Title: | An R Interface for Raven DataFrames (Beta0) |
Version: | 0.2.0 |
Description: | Provides an I/O interface between R data.frames and Raven DataFrames. Defines functions to both read and write DataFrame files, as well as serialize/deserialize data.frames/DataFrames. |
License: | Apache License (== 2) |
URL: | https://github.com/raven-computing/rdf |
Encoding: | UTF-8 |
Depends: | R (≥ 3.5.0) |
LazyData: | true |
RoxygenNote: | 7.1.1 |
Maintainer: | Phil Gaiser <phil.gaiser@raven-computing.com> |
Suggests: | testthat (≥ 3.0.0) |
Config/testthat/edition: | 3 |
NeedsCompilation: | no |
Packaged: | 2021-03-15 11:12:42 UTC; kilo52 |
Author: | Phil Gaiser [aut, cre], Raven Computing [cph] |
Repository: | CRAN |
Date/Publication: | 2021-03-17 13:20:02 UTC |
Deserializes the given vector of raw bytes and returns a data.frame object.
Description
The raw vector to be deserialized must represent a Raven DataFrame. That DataFrame is returned as an R data.frame object.
Usage
deserializeDataFrame(bytes)
Arguments
bytes |
The vector of raw bytes to deserialize |
Details
The column types from Raven DataFrames are mapped to the corresponding R types. More specifically, all integer types (byte, short, int, long) are mapped to the R 'integer' type. The floating point types (float, double) are mapped to the R 'double' type. Both string and char types are mapped to the R 'character' type. Booleans are mapped to the R 'logical' type. Binary columns are represented as R 'list' types containing raw vectors.
Value
A data.frame object from the specified raw vector
See Also
readDataFrame()
for reading DataFrame (.df)
files directly.
Examples
## Not run:
# deserialize a raw vector representing a DataFrame
df <- deserializeDataFrame(my.raw.vector)
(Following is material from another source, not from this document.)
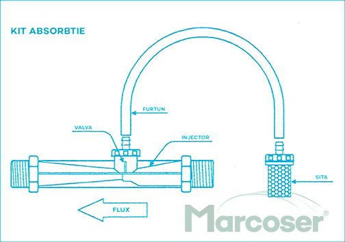 Kit-ul profesional de absorbtie este compus din 2 metri de furtun, fitting plastic pentru furtun, sita.

# get the types for all columns
types <- sapply(df, typeof)
## End(Not run)
Reads a DataFrame from the specified file.
Description
The file to be read must be a DataFrame (.df) file. The content of the file is returned as an R data.frame object.
Usage
readDataFrame(filepath)
Arguments
filepath |
The path to the file to read |
Details
The column types from Raven DataFrames are mapped to the corresponding R types. More specifically, all integer types (byte, short, int, long) are mapped to the R 'integer' type. The floating point types (float, double) are mapped to the R 'double' type. Both string and char types are mapped to the R 'character' type. Booleans are mapped to the R 'logical' type. Binary columns are represented as R 'list' types containing raw vectors.
Value
A data.frame object
See Also
deserializeDataFrame()
for deserializing vectors
of raw bytes.
writeDataFrame()
for writing DataFrame files which can be read
by this function.
Examples
## Not run:
# read a .df file into memory
df <- readDataFrame("/path/to/my/file.df")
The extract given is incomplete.